▶ [Data excerpt]:
====================

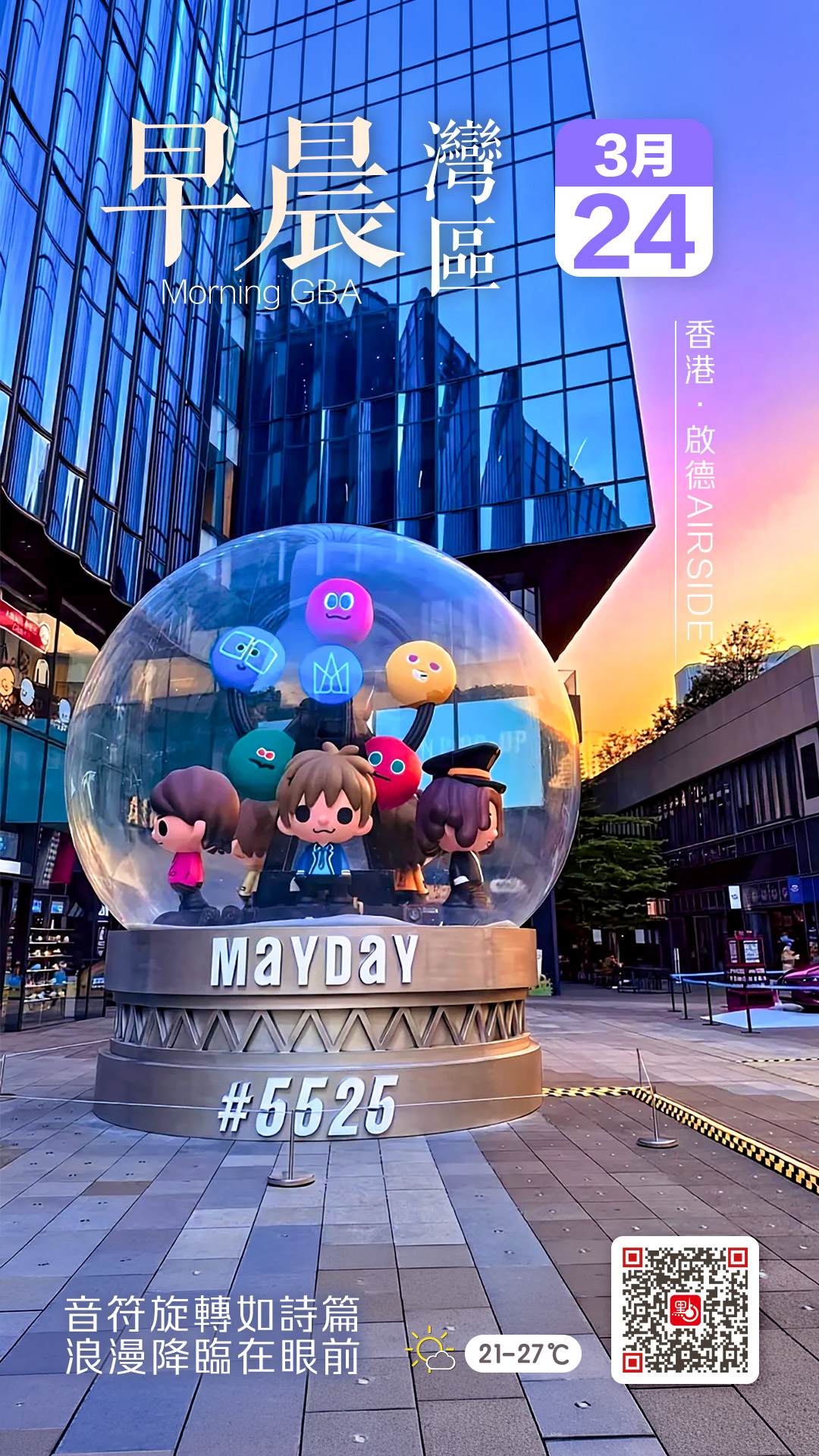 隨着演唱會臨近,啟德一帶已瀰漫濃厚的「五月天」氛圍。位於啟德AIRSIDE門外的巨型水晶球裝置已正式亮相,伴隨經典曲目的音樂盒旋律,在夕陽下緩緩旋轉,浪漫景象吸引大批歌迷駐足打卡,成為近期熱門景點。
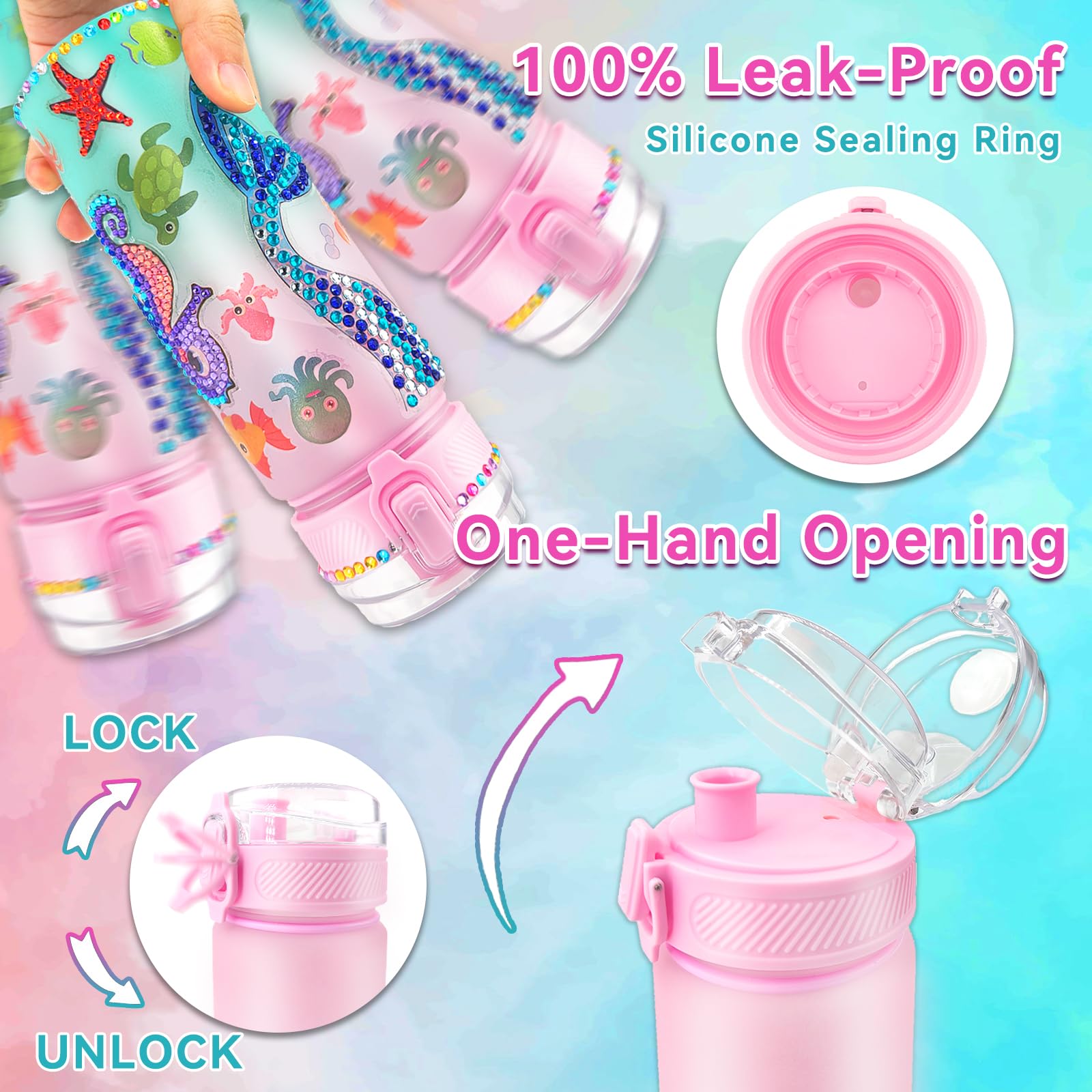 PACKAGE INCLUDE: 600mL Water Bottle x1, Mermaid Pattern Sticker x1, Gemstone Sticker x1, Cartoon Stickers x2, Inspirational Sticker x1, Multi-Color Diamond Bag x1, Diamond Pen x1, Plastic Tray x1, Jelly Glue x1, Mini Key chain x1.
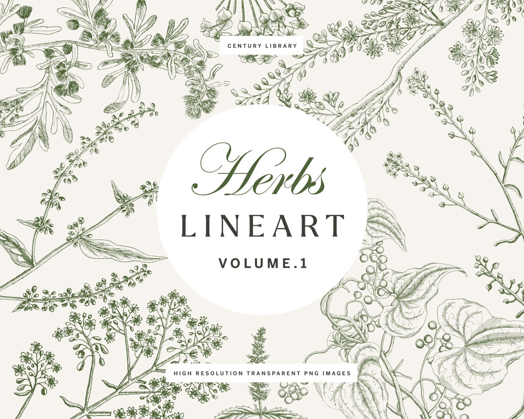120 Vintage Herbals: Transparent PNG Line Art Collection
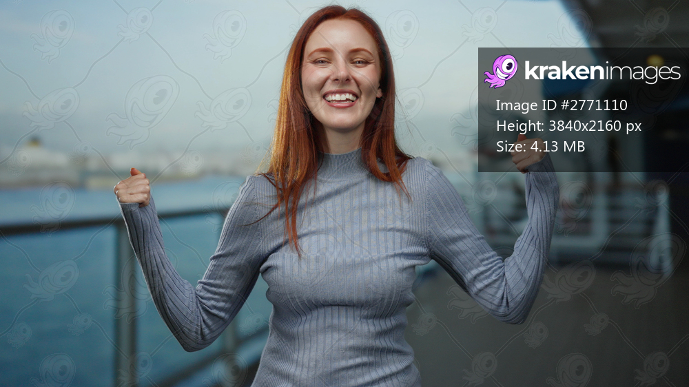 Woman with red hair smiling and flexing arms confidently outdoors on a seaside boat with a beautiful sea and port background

====================

▶ [Aim of the exercise]: Your reply should consist solely of the lines from the line containing "120 Vintage Herbals: Transparent" through the last line of the listing, unchanged and free of pictures.

▶ [Response area]:
120 Vintage Herbals: Transparent PNG Line Art Collection
 Woman with red hair smiling and flexing arms confidently outdoors on a seaside boat with a beautiful sea and port background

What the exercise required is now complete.